I recently found out that our DevOps team set up 15 AWS clusters for what was supposed to be a two-week performance testing sprint, but that was eight months ago. Now, we're stuck paying around $87K per month for these unused environments that have no application traffic and hardly any metrics or recent activity. There's a lack of owner tags, automated teardown, and cost gates when these resources were provisioned. Governance tools exist but aren't effectively enforced. I'm looking for advice or shared experiences on how to prevent situations like this in the future. What guardrails or practices do you have in place to avoid accumulating unwanted costs?
6 Answers
Here’s how we deal with cost issues:
- Default to read-only access for devs.
- All infrastructure must go through Infrastructure as Code (IaC).
- CI checks for tags, and deployments fail if they aren't correct.
- Implement budget alerts on accounts.
- Our finance team keeps a close eye on spending, which escalates any abnormal costs immediately.
This way, if costs spiral, the right questions are asked quickly!
Implementing FinOps practices is crucial. Consider enforcing a setup where your deployment pipeline fails unless resources have specific tags, particularly for cost monitoring. Having clear SOPs for resource management can also help; people are forgetful, and addressing human behavior is key. Plus, ensure no one is allowed to create resources without going through a proper pipeline—this accountability can help prevent future overspends.

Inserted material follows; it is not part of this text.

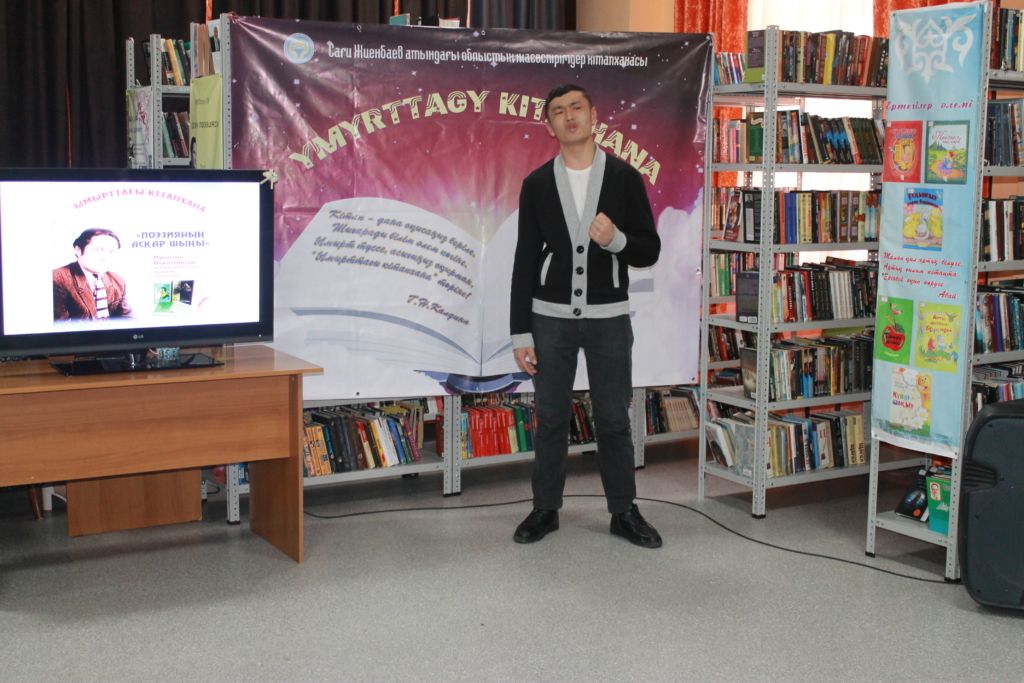 2023 жылдың 9 ақпаны күні сағат 17.00-20.00 аралығында C.Жиенбаев атындағы облыстық жасөспірімдер кітапханасы «YMYRTTAGY KITAPHANA» әлеуметтік-мәдени шарасы аясында 9 ақпан лирик ақын Мұқағали Мақатаевтың туған күніне орай «Поэзияның асқар шыңы» атты поэзия кешін өткізді.

We've started auto-terminating untagged resources after a certain period, and it's surprising how motivating that has been!

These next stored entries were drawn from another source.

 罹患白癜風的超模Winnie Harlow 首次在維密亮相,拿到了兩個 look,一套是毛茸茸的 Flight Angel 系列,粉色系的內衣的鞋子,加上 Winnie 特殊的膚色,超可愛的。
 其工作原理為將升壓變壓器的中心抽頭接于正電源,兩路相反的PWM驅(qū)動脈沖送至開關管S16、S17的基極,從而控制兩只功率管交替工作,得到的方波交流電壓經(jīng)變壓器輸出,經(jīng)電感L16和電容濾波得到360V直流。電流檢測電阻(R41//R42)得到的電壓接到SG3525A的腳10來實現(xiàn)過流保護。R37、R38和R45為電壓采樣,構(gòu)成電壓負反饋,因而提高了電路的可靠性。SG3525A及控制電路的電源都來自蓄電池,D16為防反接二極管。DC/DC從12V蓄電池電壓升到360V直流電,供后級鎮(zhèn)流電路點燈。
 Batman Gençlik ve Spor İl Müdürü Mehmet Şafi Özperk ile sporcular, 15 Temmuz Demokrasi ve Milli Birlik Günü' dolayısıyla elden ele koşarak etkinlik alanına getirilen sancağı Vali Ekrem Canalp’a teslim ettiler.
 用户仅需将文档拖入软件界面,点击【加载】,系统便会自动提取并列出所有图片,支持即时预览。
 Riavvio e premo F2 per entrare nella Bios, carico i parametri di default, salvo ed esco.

Implement GitOps to enforce that anything deployed is from a version-controlled source. Tools like Atlantis can help ensure tagging is enforced at creation. You can also set up budget alerts to notify the right people when spending thresholds are crossed, which ensures oversight and accountability.
Changing the culture around cost awareness is just as important as technical measures. Everyone needs to feel responsible for the financial impact.
We stopped allowing developers to create static infrastructure directly. Now they can only create specific resources like S3 and serverless items through controlled pipelines. This prevents runaway costs and ensures that tech decisions align with budget discussions. Just like in any business, signing off on expenses before they happen prevents excessive spending!
Paying $1 million a year for unused resources is crazy! I’d look into how costs are generated without any traffic. Your organization might need to consider hiring more people to keep an eye on AWS resources, especially if costs can go unnoticed for so long!
A lot of companies waste serious cash on cloud resources. The computing power alone for running idle services can rack up costs quickly.
We faced a similar dilemma, so we enforced mandatory tagging and automated cleanup scripts for all non-production environments. Anything without a TTL or owner tag gets deleted after 30 days. We also use a cloud cost optimization tool that connects resource costs with project codes, which helps identify abandoned resources quickly.
We’re trying to shift the culture to make everyone aware that cost is everyone's responsibility, but it's a slow process.